[Data extract]
□ □ □ □ □ □ □
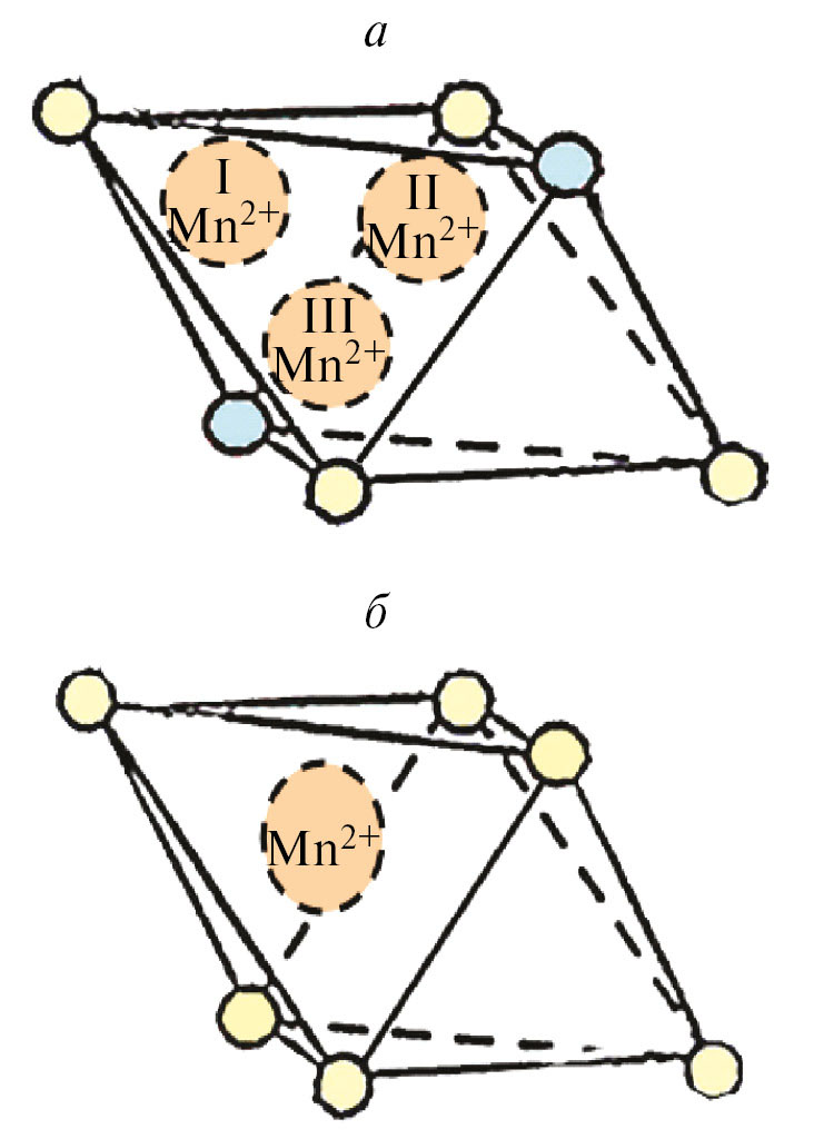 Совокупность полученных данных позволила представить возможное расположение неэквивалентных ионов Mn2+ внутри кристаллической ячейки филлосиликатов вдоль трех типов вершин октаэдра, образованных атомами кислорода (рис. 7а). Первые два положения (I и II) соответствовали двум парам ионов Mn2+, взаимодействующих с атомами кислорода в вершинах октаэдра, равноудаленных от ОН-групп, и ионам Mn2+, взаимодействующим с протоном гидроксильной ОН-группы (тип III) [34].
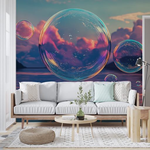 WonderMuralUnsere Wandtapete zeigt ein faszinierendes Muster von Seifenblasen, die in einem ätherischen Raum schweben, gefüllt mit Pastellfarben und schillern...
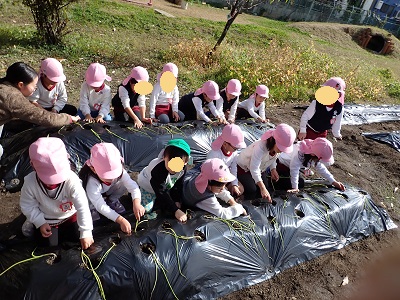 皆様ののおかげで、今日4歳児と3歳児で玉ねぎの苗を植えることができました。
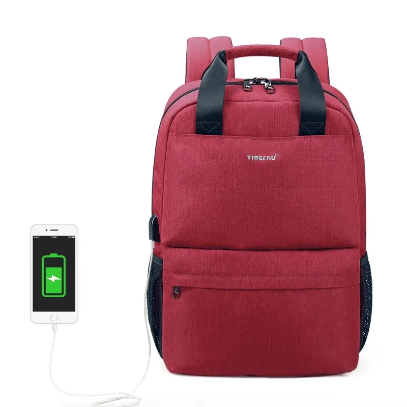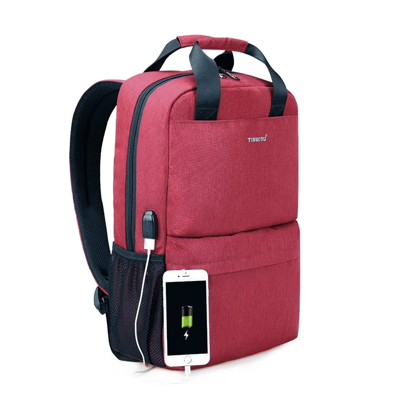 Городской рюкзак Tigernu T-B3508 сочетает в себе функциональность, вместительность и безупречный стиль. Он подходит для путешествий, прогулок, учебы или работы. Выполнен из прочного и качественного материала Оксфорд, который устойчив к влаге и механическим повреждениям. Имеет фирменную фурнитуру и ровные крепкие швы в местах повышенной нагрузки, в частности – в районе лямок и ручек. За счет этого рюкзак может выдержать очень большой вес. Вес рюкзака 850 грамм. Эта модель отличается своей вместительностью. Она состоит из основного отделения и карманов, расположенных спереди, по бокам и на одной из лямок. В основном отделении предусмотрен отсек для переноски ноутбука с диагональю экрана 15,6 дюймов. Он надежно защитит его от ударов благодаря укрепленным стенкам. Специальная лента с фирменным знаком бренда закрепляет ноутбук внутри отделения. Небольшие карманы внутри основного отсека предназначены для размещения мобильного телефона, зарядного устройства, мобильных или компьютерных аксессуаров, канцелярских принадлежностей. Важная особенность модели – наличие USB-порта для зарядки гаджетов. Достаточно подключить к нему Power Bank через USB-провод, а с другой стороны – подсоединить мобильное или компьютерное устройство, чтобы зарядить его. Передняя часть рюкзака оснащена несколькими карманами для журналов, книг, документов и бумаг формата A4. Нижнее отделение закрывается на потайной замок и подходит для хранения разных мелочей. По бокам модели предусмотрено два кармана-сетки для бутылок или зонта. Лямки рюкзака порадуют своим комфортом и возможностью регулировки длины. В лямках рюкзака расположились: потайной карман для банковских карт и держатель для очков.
□ □ □ □ □ □ □
[Exercise] Starting at the line that contains "WonderMuralUnsere Wandtapete zeigt", output every line through the end of the data, both ends included, and nothing else; pictures stay out.

[Task solution]
 WonderMuralUnsere Wandtapete zeigt ein faszinierendes Muster von Seifenblasen, die in einem ätherischen Raum schweben, gefüllt mit Pastellfarben und schillern...
 皆様ののおかげで、今日4歳児と3歳児で玉ねぎの苗を植えることができました。
 Городской рюкзак Tigernu T-B3508 сочетает в себе функциональность, вместительность и безупречный стиль. Он подходит для путешествий, прогулок, учебы или работы. Выполнен из прочного и качественного материала Оксфорд, который устойчив к влаге и механическим повреждениям. Имеет фирменную фурнитуру и ровные крепкие швы в местах повышенной нагрузки, в частности – в районе лямок и ручек. За счет этого рюкзак может выдержать очень большой вес. Вес рюкзака 850 грамм. Эта модель отличается своей вместительностью. Она состоит из основного отделения и карманов, расположенных спереди, по бокам и на одной из лямок. В основном отделении предусмотрен отсек для переноски ноутбука с диагональю экрана 15,6 дюймов. Он надежно защитит его от ударов благодаря укрепленным стенкам. Специальная лента с фирменным знаком бренда закрепляет ноутбук внутри отделения. Небольшие карманы внутри основного отсека предназначены для размещения мобильного телефона, зарядного устройства, мобильных или компьютерных аксессуаров, канцелярских принадлежностей. Важная особенность модели – наличие USB-порта для зарядки гаджетов. Достаточно подключить к нему Power Bank через USB-провод, а с другой стороны – подсоединить мобильное или компьютерное устройство, чтобы зарядить его. Передняя часть рюкзака оснащена несколькими карманами для журналов, книг, документов и бумаг формата A4. Нижнее отделение закрывается на потайной замок и подходит для хранения разных мелочей. По бокам модели предусмотрено два кармана-сетки для бутылок или зонта. Лямки рюкзака порадуют своим комфортом и возможностью регулировки длины. В лямках рюкзака расположились: потайной карман для банковских карт и держатель для очков.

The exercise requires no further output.